Her şeyin farkındalar.
Genelde karı koca aynı gün ölüyorlar. Çocukları, torunları uzaktalar.
Bu hastalık gripten çok çok daha ağır geçiyor. İnanın çok çok daha farklı. Lütfen ona grip demeyin. Alakası yok. Hastalar en az 7 ile10 gün arasında evde kalıyor. Kimseye bulaştırmak istemiyorlar.
Ateşleri çok yüksek. Ağırlaşınca geliyorlar çünkü…Boğulma hissine artık dayanamıyorlar…
Nefes alamıyorlar. Oksijene ihtiyaçları var...
Biz sadece yardım etmeye çalışıyoruz… Ama her şey hastaya bağlı.
Erken ya da geç hastaneye gelmeleri hiç bir şey değiştirmiyor… Son aynı son.
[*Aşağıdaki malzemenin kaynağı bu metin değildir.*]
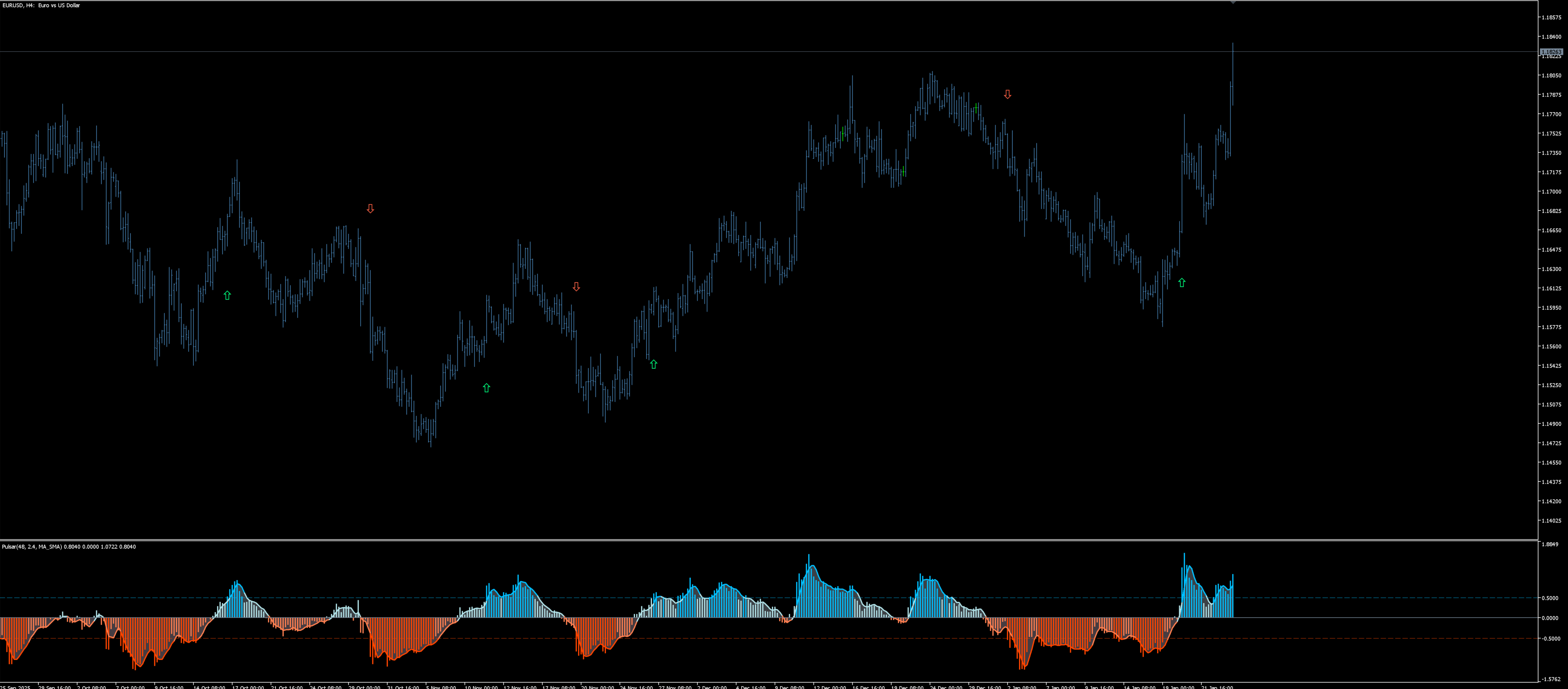 Pulsar addresses this by weighting price deviation from the mean by volume intensity, then normalizing the result to produce a bounded oscillator that identifies market regime: trending vs mean-reverting conditions.

Yaşlılar dayanamıyor.
Hemşirelerin gözlerinden yaşlar akıyor. Herkesi kurtaramıyoruz, farkındayız… Hayati fonksiyonlar düşük olanların sonu belli. Makineler yalan söylemiyor.
Çok acil yeni yataklara ihtiyacımız var.
Ağırlaşanlar çok fazla. Hastanelere akın akın geliyorlar…
En ağır hastaların isimleri kırmızı ile yazılı ki, artık başka bir renk de yok..
Herkese aynı prosedürler uygulanıyor. Hastalık aynı... Lütfen söyleyin, hangi grip bu trajediye sebep olur?
Grip bu kadar bulaşıcı değildir. Bu virüs ise çok farklı. İnanılmaz bulaşıcı ve inanılmaz ağır seyrediyor.
Bizim ülkemizde yaşlı insanlarımız çok. 65 yas üstünde ise neredeyse herkesin kronik hastalığı bulunur. Diyabet, yüksek tansiyon…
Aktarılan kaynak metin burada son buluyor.